It would be cool if you could get the recipe from the show say even emailed to you along with links of where to gadgets in the show. If it did the broswer in a PIP window that would be sort of cool but i would rather have the system automated to send me the information to a machine that I know can actually handle all the content on a given site.


----------



## walters (Nov 18, 2005)

A lot of this is already possible with TiVo, even the crippled DirecTV versions. I ordered and received a Lexus brochure the other day just to see how it would work.


----------



## cabanaboy1977 (Nov 16, 2005)

Earl Bonovich said:


> Well that is already out dated... my local grocery store lets you use your thumb print.


Are you joking? If not which one?


----------



## Earl Bonovich (Nov 15, 2005)

cabanaboy1977 said:


> Are you joking? If not which one?


Nope, not joking.

Jewel (part of Albertson's or who ever owns them now)

They have the option to setup your THUMB PRINT to your Checking Account, or Credit Card.

Then they have a scanner right at the checkout counter..

I personally haven't tried it yet, but they are certainly there.

(It is also at Cub foods too ... which is part of the "Jewel" family)


----------



## walters (Nov 18, 2005)

Hmm, and here it is:

http://www.paybytouch.com/

Alas, no stores in my area.


----------



## Clint Lamor (Nov 15, 2005)

walters said:


> A lot of this is already possible with TiVo, even the crippled DirecTV versions. I ordered and received a Lexus brochure the other day just to see how it would work.

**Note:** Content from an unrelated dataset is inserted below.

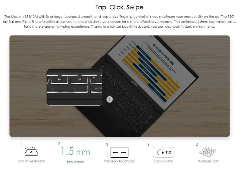 - Modern 15 còn nổi bật với tính năng màn hình góc mở 180° và Flip-Share, mang đến sự tiện ích và linh hoạt trong việc chia sẻ thông tin. Bạn có thể chia sẻ màn hình với người đối diện chỉ bằng một cú ấn F12, giúp tiết kiệm thời gian và tăng cường sự tương tác trong các cuộc họp hay trình diễn.

Yes you are correct Tivo has had what you are talking about for some time. I always thought it was sort of lame and missed the mark on being useful. It's more of an opt-in marketing tool as they use it. I would like ot see it expanded on for full email and other sort of interactivity. I don't care if it's Tivo or D* who does it I am covered on both sides.


----------



## Earl Bonovich (Nov 15, 2005)

walters said:


> Hmm, and here it is:
> 
> http://www.paybytouch.com/
> 
> Alas, no stores in my area.


Yep, that is it...


----------



## cabanaboy1977 (Nov 16, 2005)

Earl Bonovich said:


> Nope, not joking.
> 
> Jewel (part of Albertson's or who ever owns them now)
> 
> ...


I'll have to go check that out. We usally do the shopping at Sam's or Costco. It's amazing what can be done these days.


----------



## Wolffpack (Jul 29, 2003)

Clint Lamor said:


> Yes you are correct Tivo has had what you are talking about for some time. I always thought it was sort of lame and missed the mark on being useful. It's more of an opt-in marketing tool as they use it. I would like ot see it expanded on for full email and other sort of interactivity. I don't care if it's Tivo or D* who does it I am covered on both sides.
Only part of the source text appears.